Our study shows how detection of weekday–weekend effects can be dependent upon the spatial extent of analysis and the degree of anthropogenic modification of the urban atmosphere. For example, if one conducted a study just of the Atlanta within its perimeter highway, no weekly signal would be evident. Yet at larger continental scales, one may begin to see the influence of more hemispheric aerosol contributions at the expense of losing the detail around populated areas. Moreover, if one considers the spatial heterogeneity that can develop in a weekly signal as we have characterized, it might be possible that some of the contradictory findings about weekly signals in rainfall may actually be more compatible (Tuttle and Carbone 2011). The conceptual model we developed from our observations is an attempt to facilitate interpretation of the range of patterns and processes associated with urban weather and climate (e.g., Ren et al. 2010).
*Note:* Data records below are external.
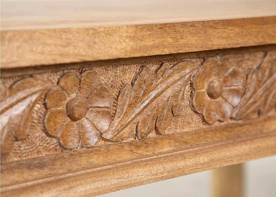 Indian Handmade Antique Style Solid Mango Wood Dining Table Carving Folded Home Office Kitchen Home Bar Featuring Marble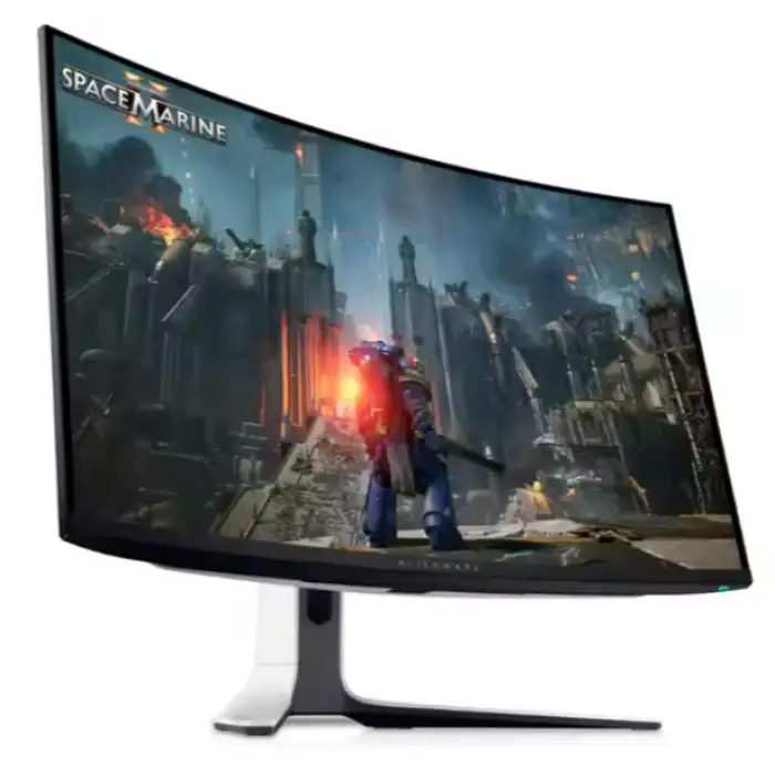The Alien Ware AW3225QF monitor features a stunning 4K resolution, providing exceptional clarity and detail in your games.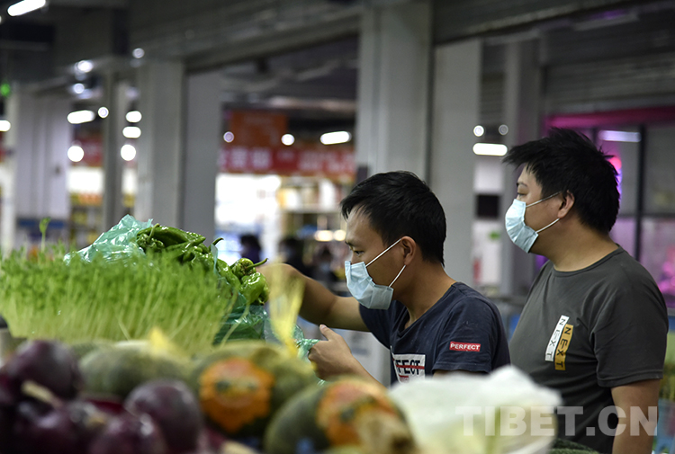 圖為(wei) 8月9日,市民在拉薩柳梧農(nong) 貿市場挑選蔬菜 攝影:王媛媛
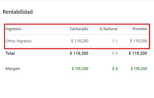 Y esta factura es visible en los ingresos del proyecto.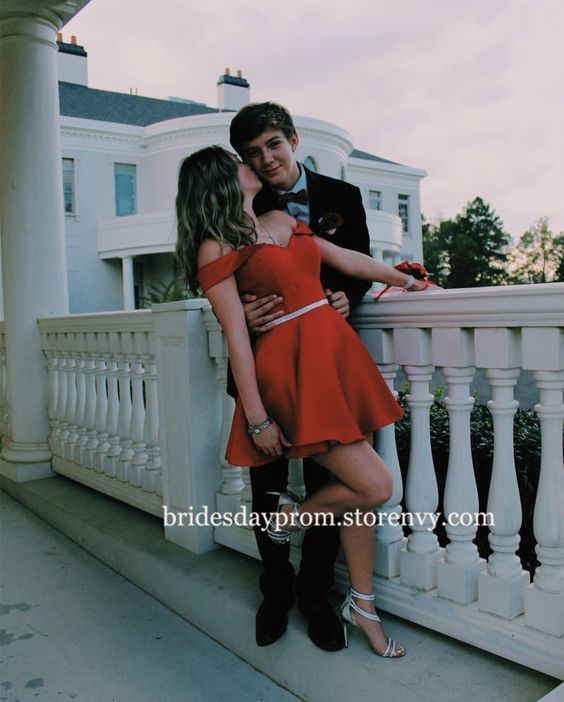 Off The Shoulder Red Homecoming Prom Dresses,Simple Dresses with Belt,Cute A Line Cocktail Dress

Our findings add more city-specific detail to the continental-scale work of Bell et al. (2009a). Their hypothesis that urban areas may not have a strong weekly lightning signal because of indistinct weekday–weekend atmospheric environmental conditions was shown to have validity at the finer scales employed in this study. We detailed how the weekend–weekday signal may be more pronounced in nonurban regions, and how the location of weekday–weekend signals can fade and reemerge as cities and their environmental context change. At the heart of the challenge of characterizing weekly signals is the scale problem of isolating patterns from processes operating over different scales, and interpolating among analyses conducted at a range of spatial extents and resolutions.